**Task objective:**
Exactly retype the lines from the top of the data through the line containing "- Dimensions: This", leaving out every picture.

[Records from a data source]
+++

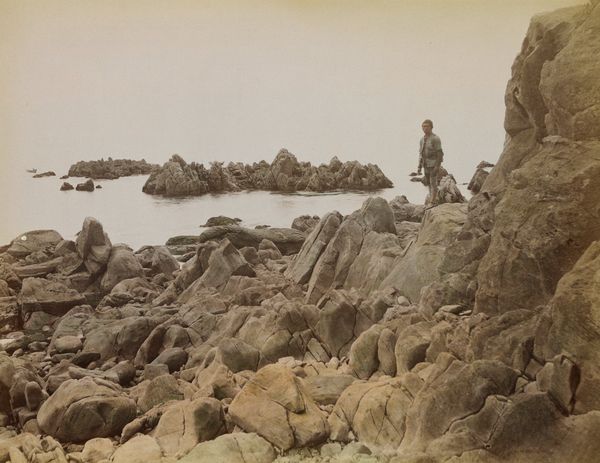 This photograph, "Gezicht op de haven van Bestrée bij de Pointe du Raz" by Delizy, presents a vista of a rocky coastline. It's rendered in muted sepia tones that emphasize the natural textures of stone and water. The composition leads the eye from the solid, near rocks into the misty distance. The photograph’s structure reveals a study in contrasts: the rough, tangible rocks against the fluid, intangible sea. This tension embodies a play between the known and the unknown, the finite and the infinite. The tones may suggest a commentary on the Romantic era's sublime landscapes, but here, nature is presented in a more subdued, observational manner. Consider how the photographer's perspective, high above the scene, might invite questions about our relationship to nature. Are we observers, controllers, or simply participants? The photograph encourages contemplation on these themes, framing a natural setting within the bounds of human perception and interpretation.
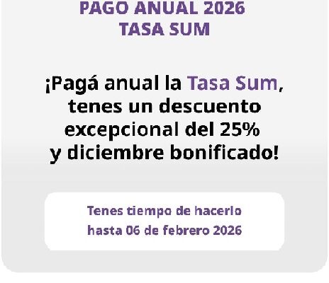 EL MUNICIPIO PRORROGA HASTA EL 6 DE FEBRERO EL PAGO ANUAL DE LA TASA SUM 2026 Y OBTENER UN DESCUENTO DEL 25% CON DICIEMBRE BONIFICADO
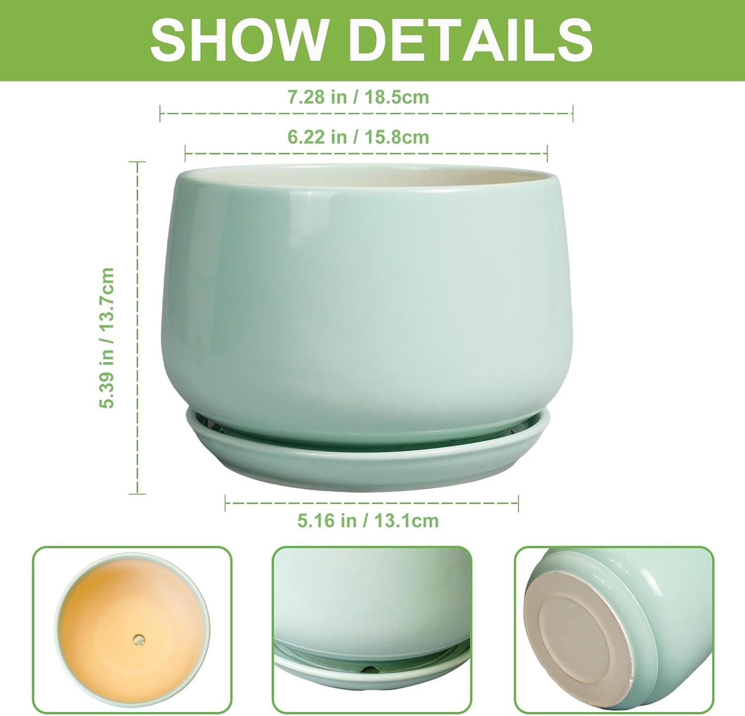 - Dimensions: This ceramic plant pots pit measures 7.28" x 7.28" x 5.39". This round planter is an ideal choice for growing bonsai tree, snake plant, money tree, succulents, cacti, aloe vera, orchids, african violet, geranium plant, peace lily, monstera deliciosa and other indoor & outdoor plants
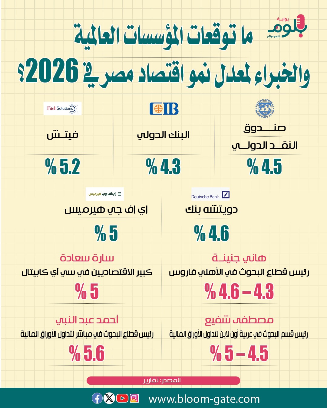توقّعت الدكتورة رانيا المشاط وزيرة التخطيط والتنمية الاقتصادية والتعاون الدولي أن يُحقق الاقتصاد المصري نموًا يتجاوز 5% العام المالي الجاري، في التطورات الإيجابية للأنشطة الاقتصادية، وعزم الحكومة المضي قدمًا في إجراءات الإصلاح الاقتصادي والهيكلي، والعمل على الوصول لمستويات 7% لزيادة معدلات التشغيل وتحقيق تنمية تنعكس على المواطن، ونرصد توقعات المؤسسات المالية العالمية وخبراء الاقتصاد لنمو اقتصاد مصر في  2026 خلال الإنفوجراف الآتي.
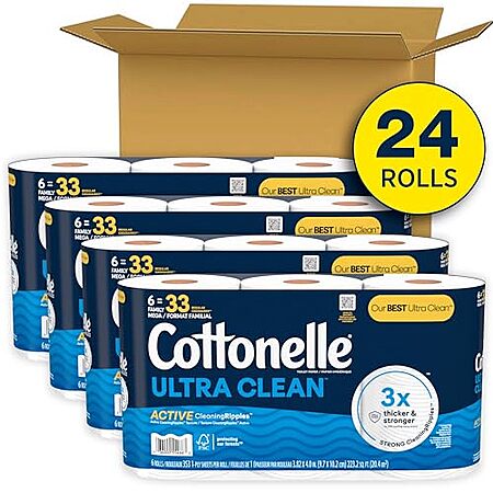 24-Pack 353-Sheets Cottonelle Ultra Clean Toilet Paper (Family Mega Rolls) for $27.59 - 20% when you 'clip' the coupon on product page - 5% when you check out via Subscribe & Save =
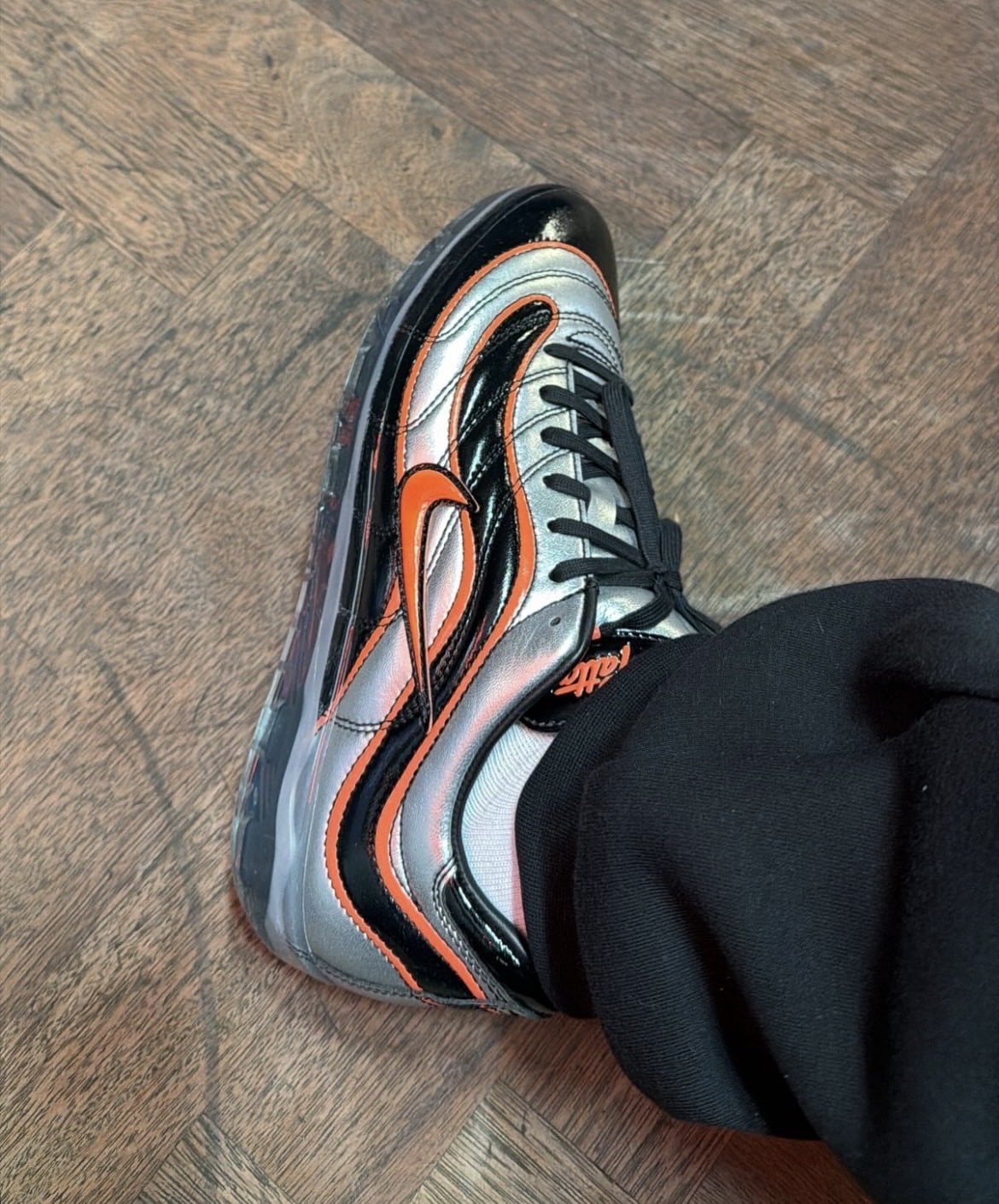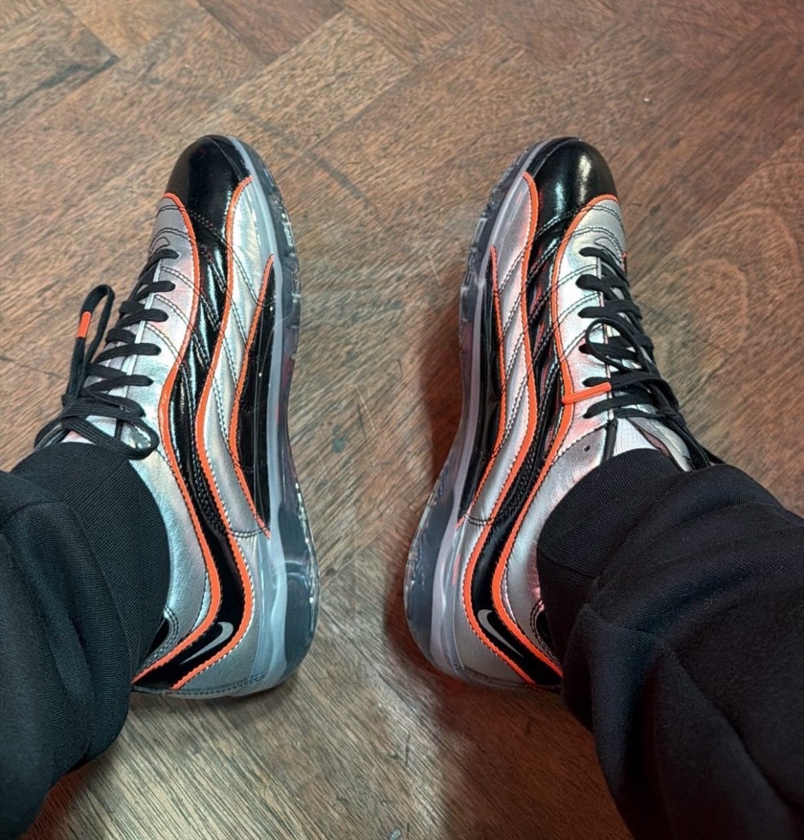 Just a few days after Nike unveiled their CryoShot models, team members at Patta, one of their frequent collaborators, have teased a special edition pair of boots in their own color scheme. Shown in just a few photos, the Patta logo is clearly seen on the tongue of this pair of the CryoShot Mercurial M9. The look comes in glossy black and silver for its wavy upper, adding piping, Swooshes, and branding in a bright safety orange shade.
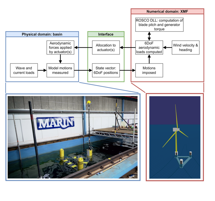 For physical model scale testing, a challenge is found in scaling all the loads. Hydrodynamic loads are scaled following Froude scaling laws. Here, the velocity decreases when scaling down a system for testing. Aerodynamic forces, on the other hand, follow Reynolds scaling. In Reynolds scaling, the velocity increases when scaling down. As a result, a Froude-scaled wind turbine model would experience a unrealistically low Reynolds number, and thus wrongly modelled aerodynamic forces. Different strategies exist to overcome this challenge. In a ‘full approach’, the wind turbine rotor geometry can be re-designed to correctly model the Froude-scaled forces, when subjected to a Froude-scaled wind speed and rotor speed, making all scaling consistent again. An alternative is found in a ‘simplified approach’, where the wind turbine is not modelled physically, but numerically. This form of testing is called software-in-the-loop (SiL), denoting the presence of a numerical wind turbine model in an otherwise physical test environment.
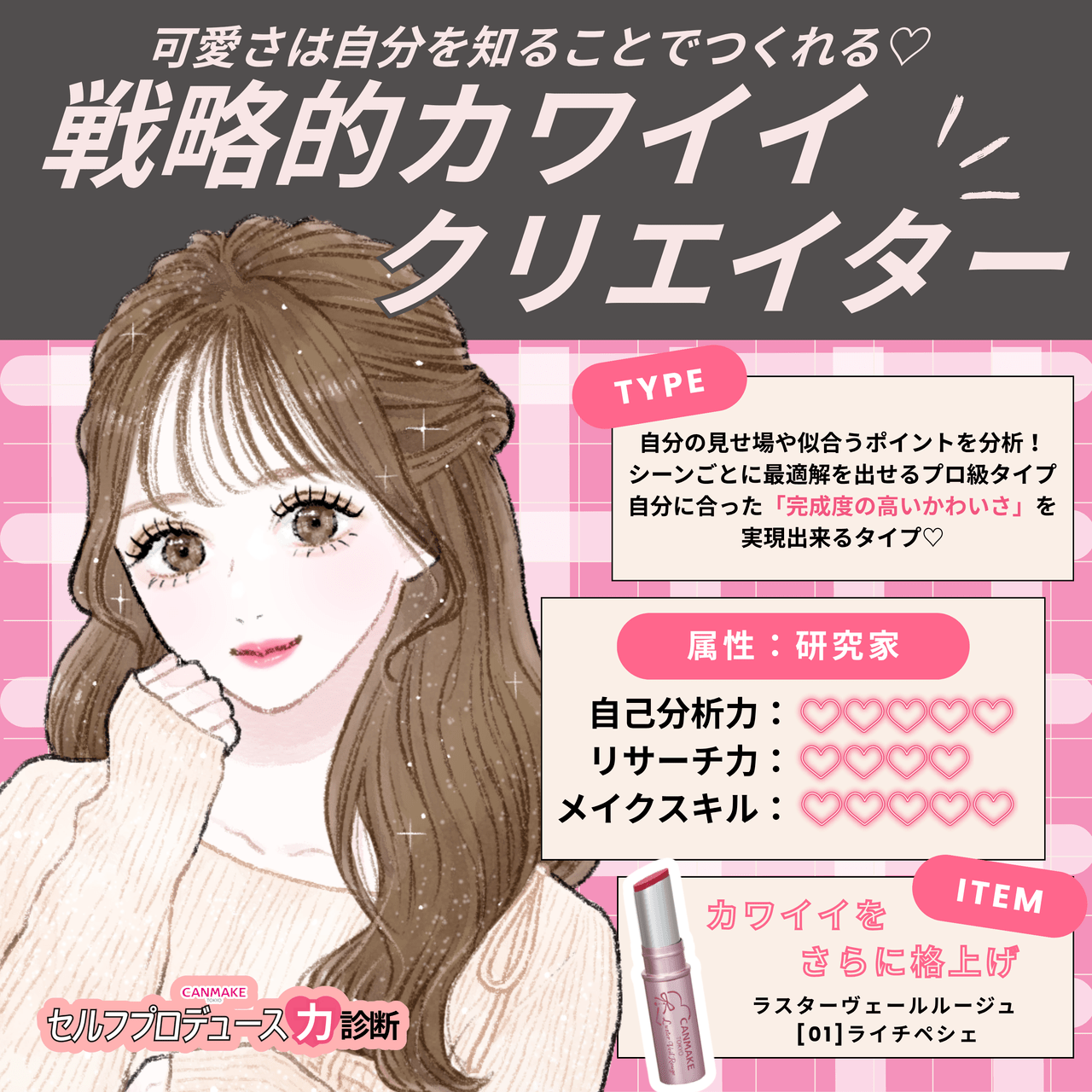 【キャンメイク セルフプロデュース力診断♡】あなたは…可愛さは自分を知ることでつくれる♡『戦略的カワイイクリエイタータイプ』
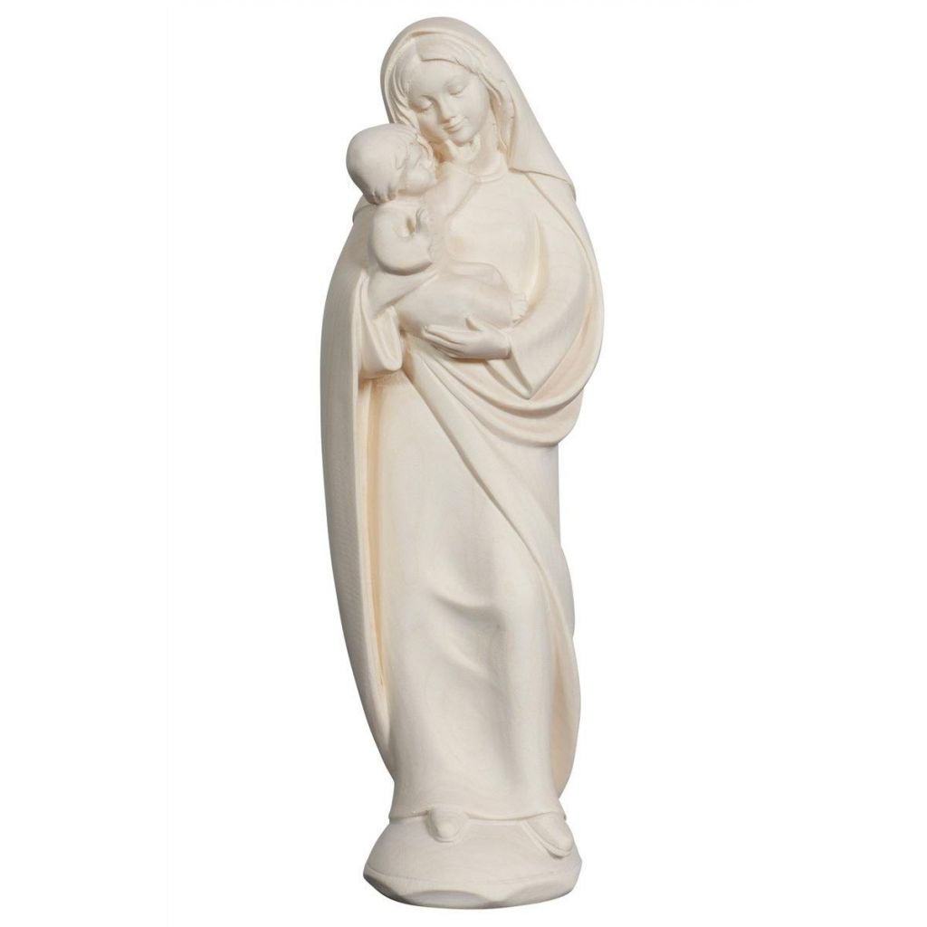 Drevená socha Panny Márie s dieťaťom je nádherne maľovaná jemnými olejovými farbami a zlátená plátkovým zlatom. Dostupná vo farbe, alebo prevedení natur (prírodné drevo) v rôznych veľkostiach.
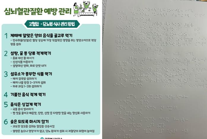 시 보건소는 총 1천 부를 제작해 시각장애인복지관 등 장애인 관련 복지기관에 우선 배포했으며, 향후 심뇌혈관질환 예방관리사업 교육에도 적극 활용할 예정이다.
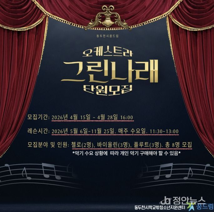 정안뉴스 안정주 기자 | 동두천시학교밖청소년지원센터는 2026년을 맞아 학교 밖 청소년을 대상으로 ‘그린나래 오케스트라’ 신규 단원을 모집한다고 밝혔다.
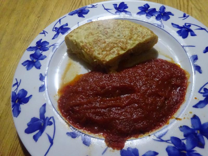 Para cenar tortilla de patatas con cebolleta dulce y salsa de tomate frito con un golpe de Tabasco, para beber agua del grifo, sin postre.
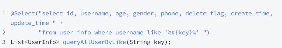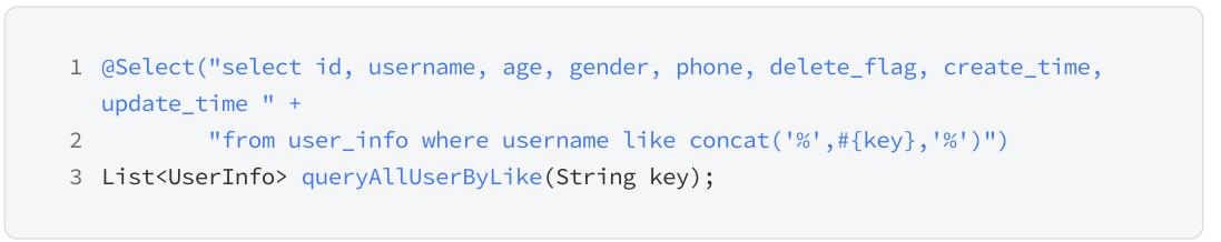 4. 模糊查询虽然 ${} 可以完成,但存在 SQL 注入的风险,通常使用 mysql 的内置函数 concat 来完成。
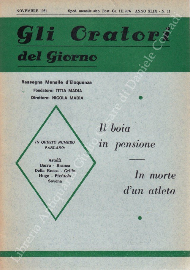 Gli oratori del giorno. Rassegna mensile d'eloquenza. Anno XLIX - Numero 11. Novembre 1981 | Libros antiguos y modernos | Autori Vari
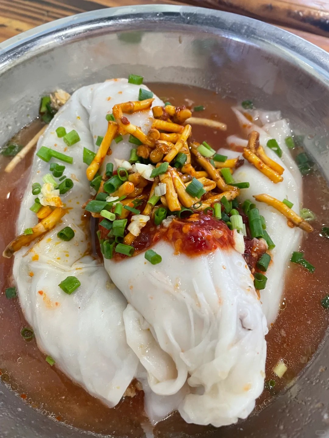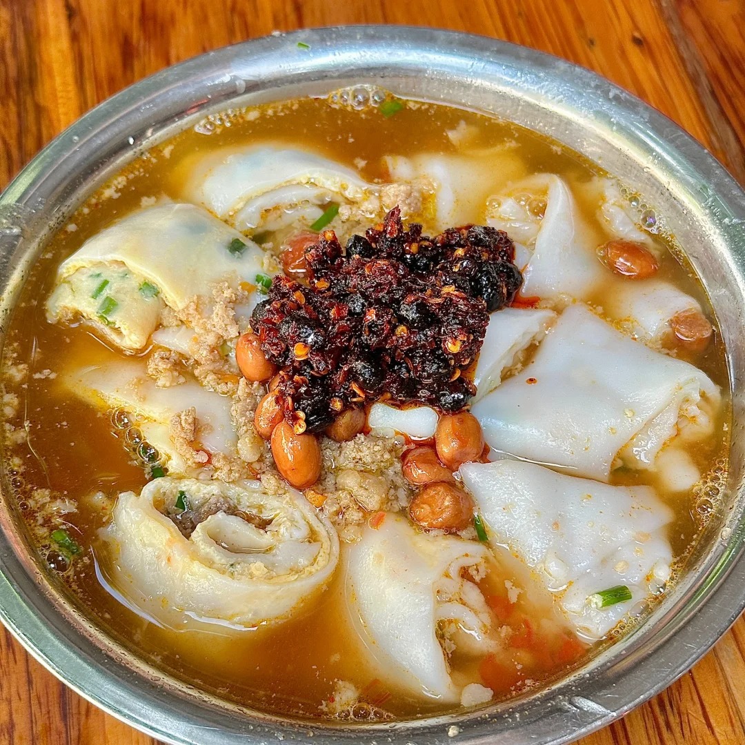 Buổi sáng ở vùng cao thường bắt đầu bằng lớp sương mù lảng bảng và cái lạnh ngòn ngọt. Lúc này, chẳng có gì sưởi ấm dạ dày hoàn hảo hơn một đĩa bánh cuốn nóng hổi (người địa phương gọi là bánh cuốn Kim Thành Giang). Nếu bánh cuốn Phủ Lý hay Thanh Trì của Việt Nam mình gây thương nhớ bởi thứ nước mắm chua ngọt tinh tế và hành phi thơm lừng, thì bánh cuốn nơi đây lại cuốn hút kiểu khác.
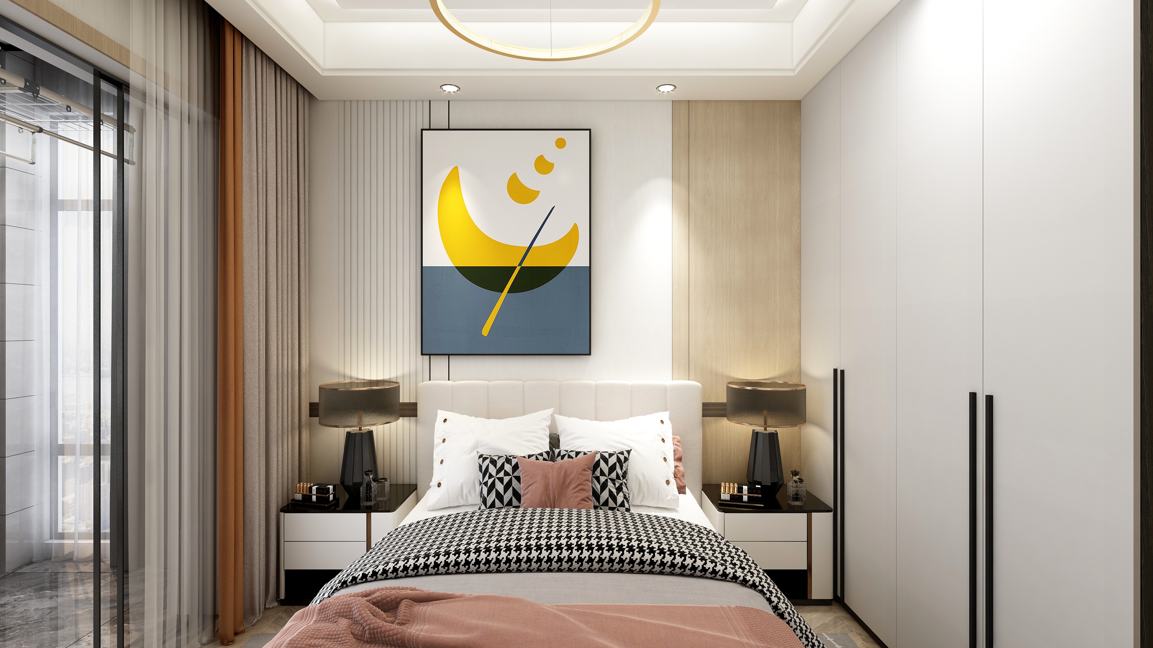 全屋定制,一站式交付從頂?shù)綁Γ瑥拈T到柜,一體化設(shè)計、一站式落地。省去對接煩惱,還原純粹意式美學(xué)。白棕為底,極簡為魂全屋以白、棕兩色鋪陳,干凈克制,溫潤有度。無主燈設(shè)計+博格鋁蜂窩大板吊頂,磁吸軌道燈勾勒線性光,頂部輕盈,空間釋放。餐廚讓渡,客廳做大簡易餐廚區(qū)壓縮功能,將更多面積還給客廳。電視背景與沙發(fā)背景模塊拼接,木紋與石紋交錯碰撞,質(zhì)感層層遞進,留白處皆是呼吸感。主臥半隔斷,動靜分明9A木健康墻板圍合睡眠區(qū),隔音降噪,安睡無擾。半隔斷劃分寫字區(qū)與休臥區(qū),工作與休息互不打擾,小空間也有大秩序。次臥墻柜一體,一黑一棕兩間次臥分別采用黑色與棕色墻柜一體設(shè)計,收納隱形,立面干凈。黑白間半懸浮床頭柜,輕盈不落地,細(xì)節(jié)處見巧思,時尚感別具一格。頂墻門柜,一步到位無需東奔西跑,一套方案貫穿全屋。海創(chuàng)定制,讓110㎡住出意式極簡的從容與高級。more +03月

+++

**Solution below:**
 This photograph, "Gezicht op de haven van Bestrée bij de Pointe du Raz" by Delizy, presents a vista of a rocky coastline. It's rendered in muted sepia tones that emphasize the natural textures of stone and water. The composition leads the eye from the solid, near rocks into the misty distance. The photograph’s structure reveals a study in contrasts: the rough, tangible rocks against the fluid, intangible sea. This tension embodies a play between the known and the unknown, the finite and the infinite. The tones may suggest a commentary on the Romantic era's sublime landscapes, but here, nature is presented in a more subdued, observational manner. Consider how the photographer's perspective, high above the scene, might invite questions about our relationship to nature. Are we observers, controllers, or simply participants? The photograph encourages contemplation on these themes, framing a natural setting within the bounds of human perception and interpretation.
 EL MUNICIPIO PRORROGA HASTA EL 6 DE FEBRERO EL PAGO ANUAL DE LA TASA SUM 2026 Y OBTENER UN DESCUENTO DEL 25% CON DICIEMBRE BONIFICADO
 - Dimensions: This ceramic plant pots pit measures 7.28" x 7.28" x 5.39". This round planter is an ideal choice for growing bonsai tree, snake plant, money tree, succulents, cacti, aloe vera, orchids, african violet, geranium plant, peace lily, monstera deliciosa and other indoor & outdoor plants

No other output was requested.